In our cohort, 12 patients aged 4–14 years underwent IQ assessment using the Stanford–Binet test. The scores of most patients ranged within borderline or delayed impairment, which is consistent with previous reports of low IQ scores and cognitive impairment among children with perinatal stroke. Furthermore, individuals who experienced left-hemisphere stroke associated with epilepsy had relatively worse IQ scores.^14,15 Despite the small sample size, our findings provide significant insights into the effects of perinatal stroke on cognitive function in children.

Our findings highlight the complex nature of perinatal stroke and its effects on neurodevelopment. Moreover, the observed associations of perinatal stroke with parental consanguinity and various maternal and pregnancy-related factors demonstrate the multifactorial aetiology of perinatal stroke, which suggests that a combination of genetic predisposition and environmental influences may contribute to its onset.

Moreover, the high prevalence of epilepsy among patients with perinatal stroke emphasises the significant burden of seizure disorders in this population. The early onset of epilepsy in most of the patients demonstrates the importance of vigilant monitoring and prompt intervention to achieve seizure control. Effective seizure management not only alleviates immediate risks but also crucially contributes towards mitigating the long-term neurocognitive consequences associated with recurrent seizures.

Furthermore, the cognitive impairments observed in children with perinatal stroke highlight the far-reaching impact of this condition on developmental outcomes. Additionally, the observed range of cognitive impairment, from borderline to delayed impairment, highlights the heterogeneous nature of neurodevelopmental sequelae following perinatal stroke. This underscores the critical need for tailored neurodevelopmental assessments and targeted interventions for addressing specific cognitive deficits and promoting optimal cognitive functioning in affected individuals. Furthermore, evidence suggests that early therapeutic interventions, such as targeted physical and cognitive therapies implemented during critical periods of brain plasticity, can significantly reduce long-term neurodevelopmental challenges. These interventions not only enhance functional outcomes but also lessen the overall burden of developmental delays in affected children.¹⁶

Although mortality is an important outcome of perinatal stroke, no deaths were recorded in our cohort. However, the retrospective nature of this study may have led to incomplete data on mortality, and future research should address this critical outcome.

There were discrepancies between our results and those of earlier studies, which could be attributed to our small sample size or differences in cultural and demographic factors.
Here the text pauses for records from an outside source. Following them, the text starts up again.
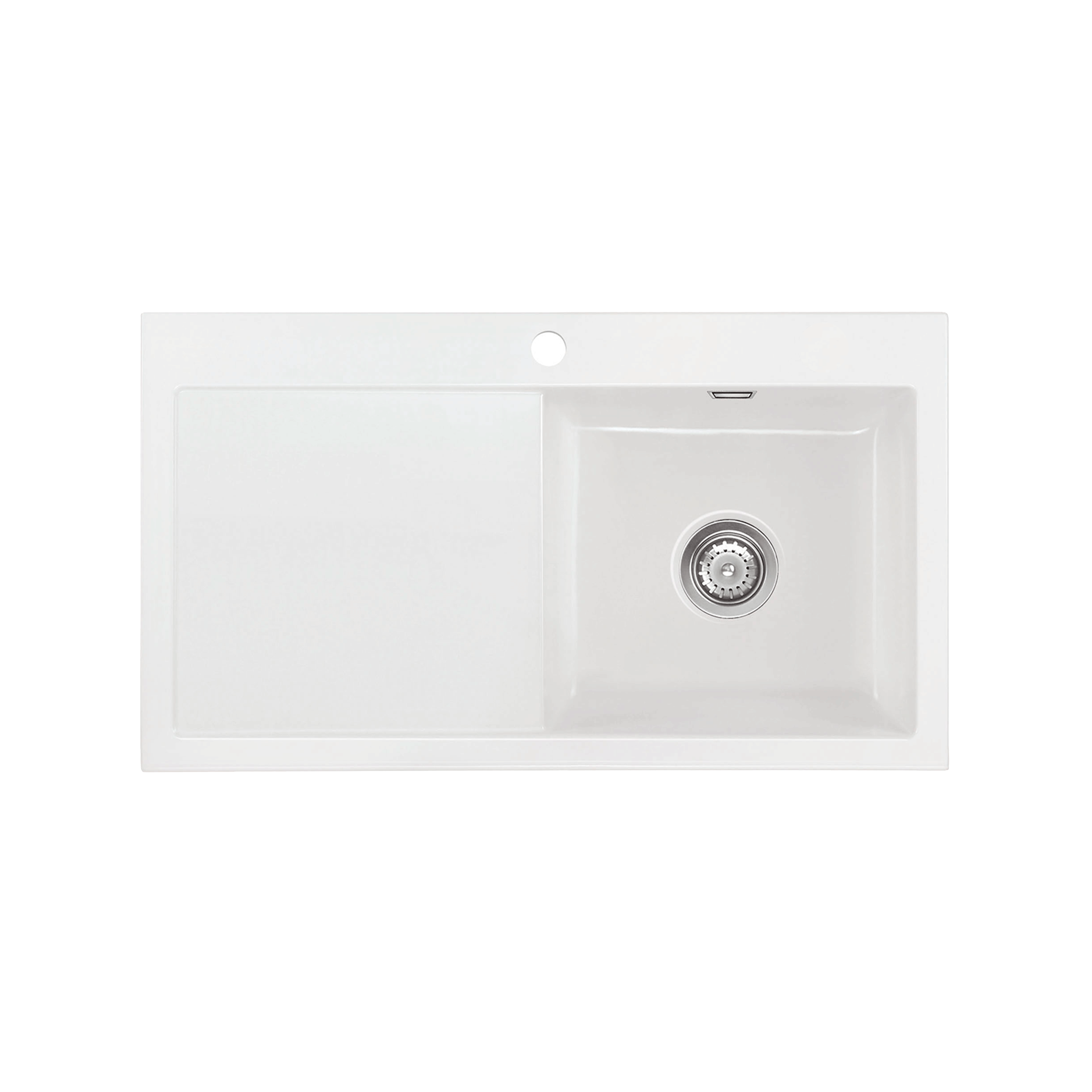 Mera 90 keramik køkkenvask m/bakke, Hvid m/krom afløb
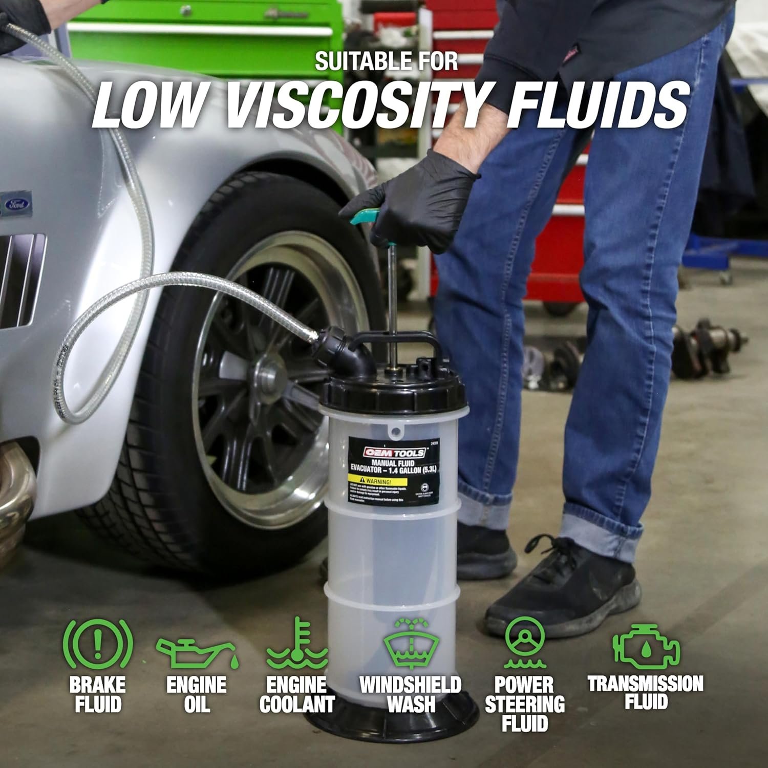 OEMTOOLS 24389 Manual Fluid Extractor Pump, 1.4 Gallon (5.3L) Oil Extractor Pump Capacity, Use for Oil, Coolant, and Transmission Fluid, 2 Dipstick Adapters, 5ft Hose
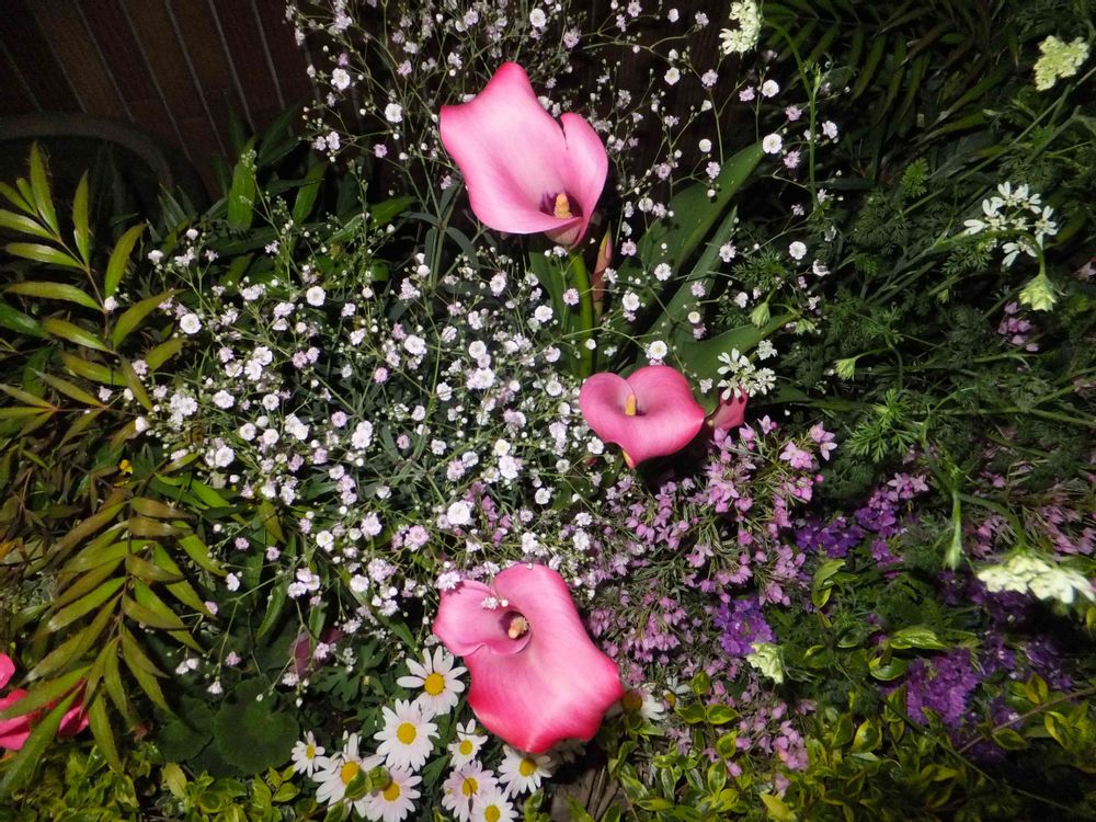 フラッシュを焚いたので、カスミソウ?が白く浮かび上がりカラーを引き立てていました。
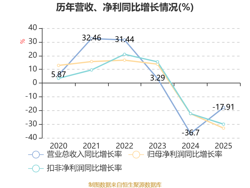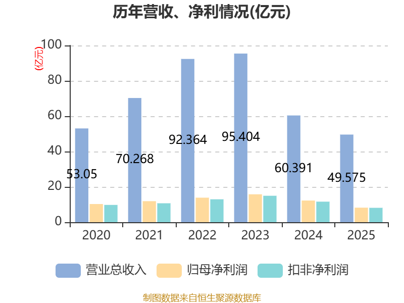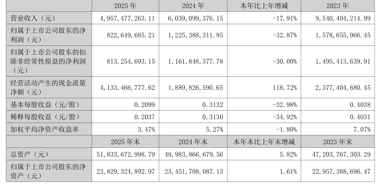 中证智能财讯太阳能(000591)4月24日披露2025年年度报告。2025年,公司实现营业总收入49.57亿元,同比下降17.91%;归母净利润8.23亿元,同比下降32.87%;扣非净利润8.13亿元,同比下降30.00%;经营活动产生的现金流量净额为41.33亿元,同比增长118.72%;报告期内,太阳能基本每股收益为0.2099元,加权平均净资产收益率为3.47%。公司2025年度分配预案为:拟向全体股东每10股派现0.13元(含税)。
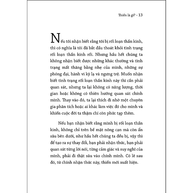 Và quan trọng hơn hết, thiền là sự tự do vượt thoát mọi điều đã biết. “Thiền không phải là tụng niệm những từ ngữ, ngồi trong góc tối, nhìn vào những sự phóng chiếu, hình ảnh và ý niệm của chính mình. Thiền là làm sáng tỏ cái đã biết và tự giải thoát mình khỏi cái đã biết.” Qua mỗi trang, mỗi câu, ta dần dần tự xây dựng cho mình cách hiểu riêng và khai ngộ về thiền.

This study has several limitations. The retrospective design and dependence on medical records may have resulted in missing or incomplete data. Furthermore, the single-center nature of the study and relatively small sample size restrict the generalizability of the findings. The limited follow-up period may also have led to an underestimation of the true incidence of epilepsy and other long-term outcomes. Additionally, the reliance on hospital-based patient identification introduces potential selection bias, as it likely over represents more severe cases requiring specialized care or hospitalization. Consequently, this cohort may not accurately reflect the general population, potentially overlooking milder or undiagnosed cases of perinatal stroke.

Despite these limitations, our study contributes to the existing literature by providing a detailed assessment of the incidence of epilepsy, seizure onset, and cognitive function among patients with perinatal stroke. Furthermore, the use of standardised assessment tools, including the Stanford–Binet test, enhances the validity of our neurodevelopmental evaluations. Additionally, our study addresses a gap in the literature by focusing on a local population in Saudi Arabia, and thus provides valuable insights into the epidemiology and clinical characteristics of perinatal stroke in this region.